(((Hope)))

I just got caught up on the last 2 weeks of your sitch. I am sorry that you have been experiencing so much anxiety and sadness. It really is so so hard -- in my sitch, it was harder than the death of some loved ones in my life that I had experienced. The sadness/loss combined with the betrayal of an A, and then mix in some fears about the future of unknowns (being a single parent/finances/etc) it is just all too much! I do think that it might be a new wave of emotions for you as you move into acceptance. Sometimes as change is about to occur, things can get worse before they get better. While your sitch is not new, I think your acceptance of where it stands is still new for you.

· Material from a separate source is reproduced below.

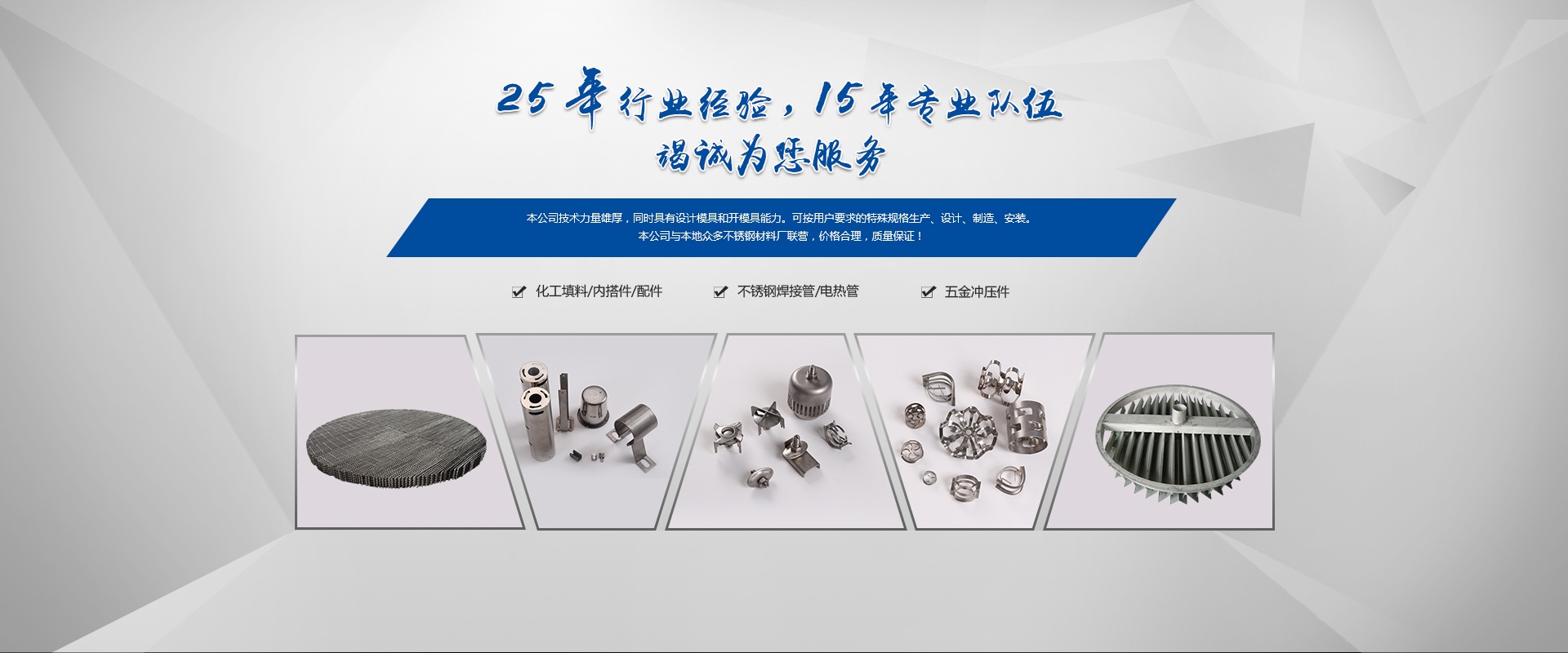 嘉興市久達(dá)不銹鋼有限公司原海鹽中晟不銹鋼有限公司,本公司是全國(guó)化工行業(yè)和中國(guó)石化總公司推薦新型填料、塔內(nèi)件及配件產(chǎn)品的專(zhuān)業(yè)生產(chǎn)廠。2009年建成標(biāo)準(zhǔn)化廠房,生產(chǎn)能力得到進(jìn)一步的提升,效率也更加高效。散堆填料采用高速?zèng)_床一次成型技術(shù)生產(chǎn)。

You have some great support on your thread. I agree with all of it. When I read your response to his illness and how many olive branches you extended, I had the same thoughts as AS. None of that was necessary. While it is kind of you to be thoughtful and caring while he is sick, it also shows your weakness in your need to be there for him. It does not make you the bigger person, it just lets him off the hook. I think more simple matter of fact responses would have been better. Remember, he fired you as his wife, and so you don't need to act like one. It is really hard to be a single parent and get the flu, and that is because we have to handle these things on our own when we get D. Perhaps he should know what that natural consequence feels like!

In terms of the family picture for preschool, well if it were me, I would not submit one or request anything from him. I would take a lovely pic of you and D4 together and then give it to the school. You could even email him that he should do the same and leave it at that. This is another moment that highlights a natural consequence of your sitch! It hurts and it doesn't feel nice, esp for D4 because you want to shield her, but sadly IT IS your reality right now. He needs to see, hear and feel the reality of his choices .... Because at what point does the family pic stop? In 1 year? 5 years? Right now, you are not a family, so why pretend :-(

You are starting to see him crack and show vulnerability and he even got the flu (might be related to stress). In my case my H got shingles and looked terrible! He was cracking and unraveling big time. So what did I do? I remain cordial and I continued to DB and pull back further and further. As he became more vulnerable, he also saw that he was really losing me, which he could no longer tolerate. The thing is, like I have said before, the mind reading just doesn't work. His "signs of weakness" could also be just that -- he is emotional, tired, guilty, worn out, etc -- but may not mean he is planning on returning. .... and then next month or next year, that could all change again. So you cannot change your course of actions based on where he is at (or you think he is at).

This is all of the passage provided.